# Error after compiling new kernel



## bigtoque (Jan 5, 2011)

I'm trying to build a custom kernel and I thought I followed the directions correctly, but I get a ROOT MOUNT ERROR after installing the kernel, so obviously I must have removed a device that is needed. 

I'm using an Asus p5q-pro which has:

ICH10 IntelÂ® Matrix Storage Technology with RAID 0, 1, 5 10 support
Marvell 88SE6111
Silicon Image Sil5723

The Marvel IDE device is disabled in the bios (all drives are SATA), and I'm not using any RAID so I disabled all the RAID controllers and ataraid.

Would the ataraid device be needed even though I'm not using my drives in RAID? Or is the problem likely one of the raid controllers I removed? I didn't really recognize any of them as what was on my motherboard, so I just disabled them all.

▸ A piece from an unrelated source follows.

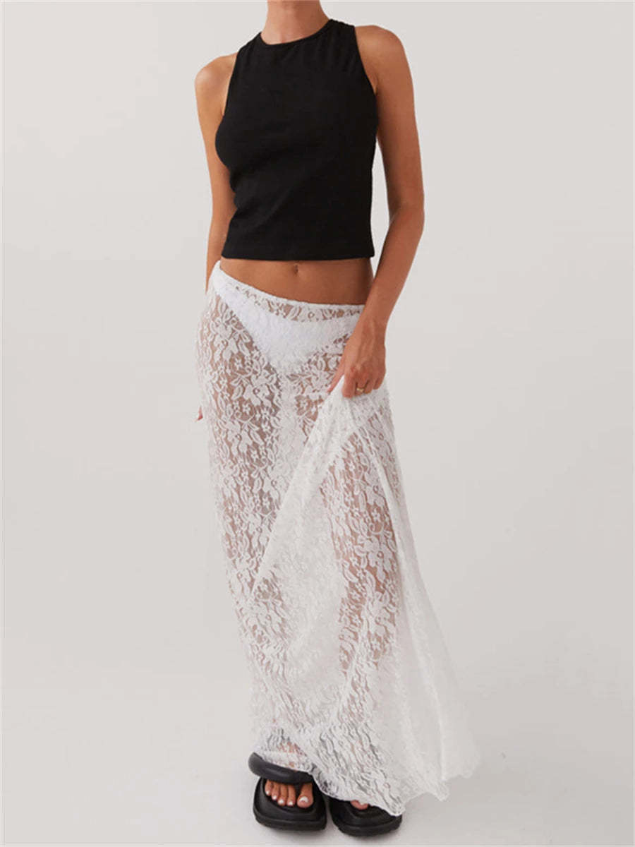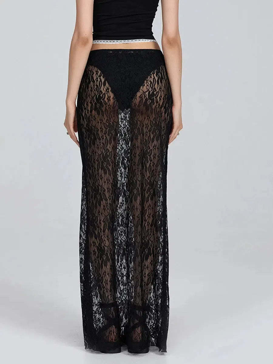 The low-rise waist accentuates your silhouette. while the sheer lace fabric offers a tantalizing glimpse of your legs. Perfect for pairing with a fitted top or a chic bralette. this skirt is ideal for both beachwear and evening outings. The fishtail cut adds a touch of drama and flair. making it a standout piece for any occasion.

(On a unrelated note: my keyboard didn't work when the root mount error came up. I removed the atkbdc, atkbd, and psm devices because I use a wireless usb keyboard/mouse. Are these devices still required?)


----------



## wblock@ (Jan 5, 2011)

bigtoque said:
			
		

> I'm trying to build a custom kernel and I thought I followed the directions correctly, but I get a ROOT MOUNT ERROR after installing the kernel, so obviously I must have removed a device that is needed.



That error can also be from changing options, like ATA_STATIC_ID, or loading the ahci device.  These can change device numbering, so /etc/fstab is no longer referring to the correct device.  Try ? at the mountroot prompt.



> I'm using an Asus p5q-pro which has:
> 
> ICH10 IntelÂ® Matrix Storage Technology with RAID 0, 1, 5 10 support
> Marvell 88SE6111
> ...



Sometimes the RAID and IDE and AHCI settings are all mixed together confusingly.  So it may have disabled more than you wanted.



> (On a unrelated note: my keyboard didn't work when the root mount error came up. I removed the atkbdc, atkbd, and psm devices because I use a wireless usb keyboard/mouse. Are these devices still required?)



They probably aren't required any more.  You might also try enabling "Legacy USB support" in the BIOS.


----------



## bigtoque (Jan 5, 2011)

> That error can also be from changing options, like ATA_STATIC_ID, or loading the ahci device. These can change device numbering, so /etc/fstab is no longer referring to the correct device. Try ? at the mountroot prompt.



I did comment out ATA_STATIC_ID based on another thread I read here, so I'll try compiling the kernel again with just this changed and see what happens.

A quick look at the way that my system is set up, my drives are connected to the Intel ICH10R SATA ports, so the problem is unlikely from commenting out the RAID controllers.

I'm guessing the problem with the keyboard is that the system is stopping with the error and waiting for my input, but I can't enter anything because the usb drivers haven't been loaded yet.


----------



## bigtoque (Jan 6, 2011)

The problem was that I had commented out ATA_STATIC_ID.

Thanks the the help!


----------



## wblock@ (Jan 6, 2011)

Great!  Moving A FreeBSD System To AHCI And Labeled Filesystems shows how to label filesystems so drive numbers don't matter, and AHCI should work on that chipset.


----------